The closer one looks at recent scandals, the more it appears that enhanced public scrutiny explains them better than escalating mischief. Not just public scrutiny -- media scrutiny. It was Willamette Week, the alt-weekly in Portland, Ore., that broke the news about Kitzhaber steering government work to his fiancée. Fifty years ago, Willamette Week didn’t exist. Would the mainstream Portland papers of the 1960s have chased that story down and published it? I’m pretty sure they would not have.

Or take the case of  Bentley in Alabama. He was undone by his decision to fire the head of the Alabama Law Enforcement Agency, who then leaked details about the governor’s affair with a staff member and his use of state resources to conduct and cover it up. The information was leaked to the website AL.com, a consortium of Alabama newspapers and broadcast media. All of those news organizations were in business a generation ago, but would they have gone for the story? I don’t think so.

Reporters in the 1960s and 1970s were willing to pursue cases of financial corruption in public office. Sexual misconduct was something else altogether. Either the reporters felt that exposing it was breaking an unwritten code, or they didn’t want to jeopardize their access to those in power, or they didn’t think the public would want to read about it. Or, perhaps, all three.

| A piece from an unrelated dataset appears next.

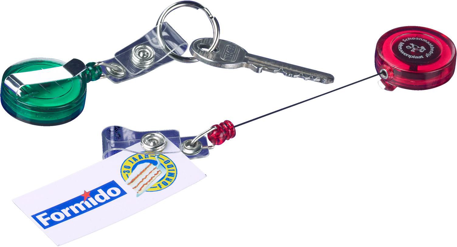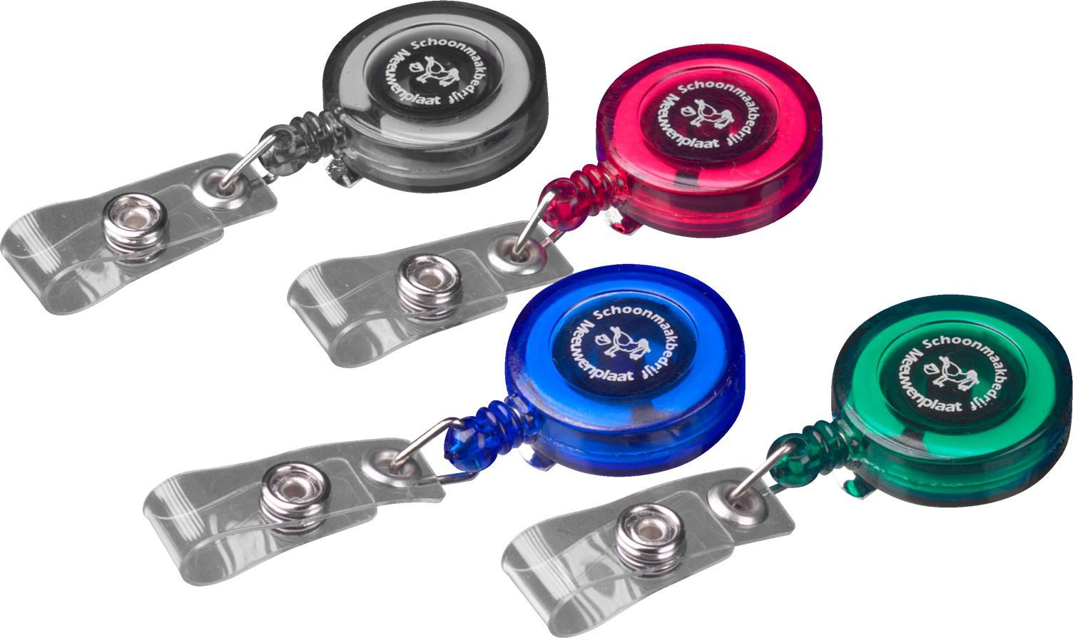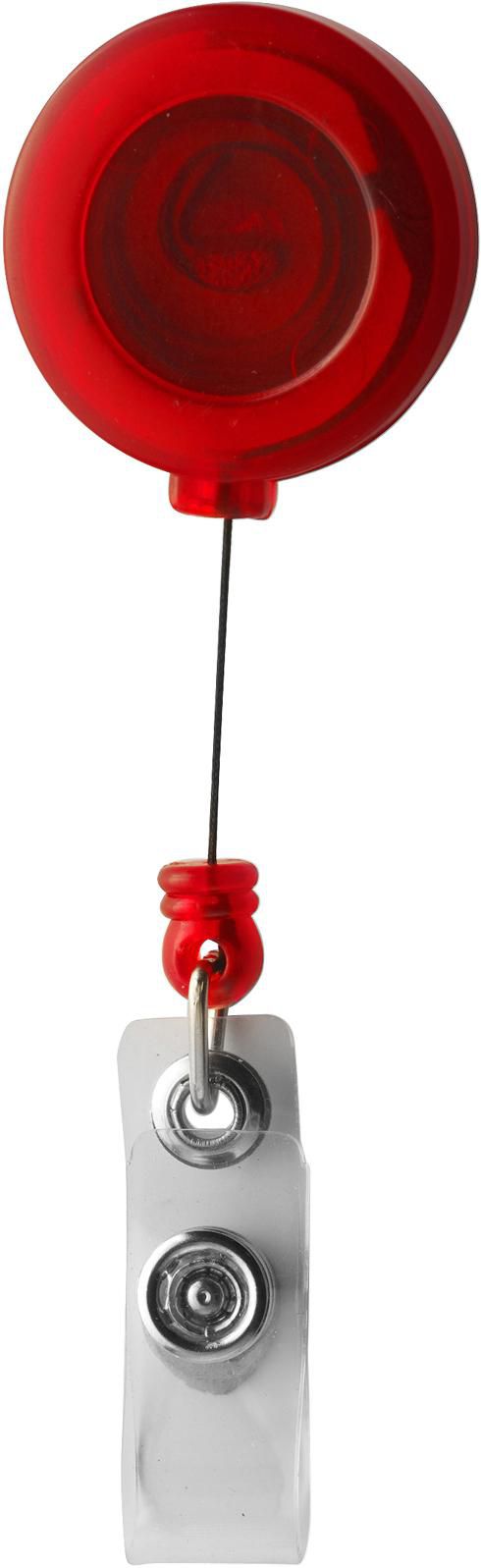 Ausweishalter aus Kunststoff, mit Befestigungsclip aus Metall / Kunststoff und Nylon-Ausziehleine (bis ca. 80 cm).

One weekend in December 1970, a state car carrying Maryland Gov. Marvin Mandel was in an accident in the dead of night on a rural road nowhere near the capital. Mandel was seriously injured. One person was killed. The governor explained he’d been on “official business” attending a meeting, but the entire state press corps and much of the state’s senior workforce knew what the business was: a secret visit to his mistress. Still, not a word about the circumstances of the incident appeared in print or on the air. Only years later, when Mandel’s wife charged him with adultery and evicted him from the governor’s mansion, did Mandel’s illicit relationship become a public issue. Today the juicy details behind the car wreck would have been in the next day’s Washington Post.

A matter of conjecture, to be sure. But I think there’s enough evidence to conclude that we are seeing a combination of new media appetites and new attitudes about sexual misdeeds, not an unprecedented epidemic of misbehavior among elected officials. We have opened Pandora’s Box. The contents were in there all along.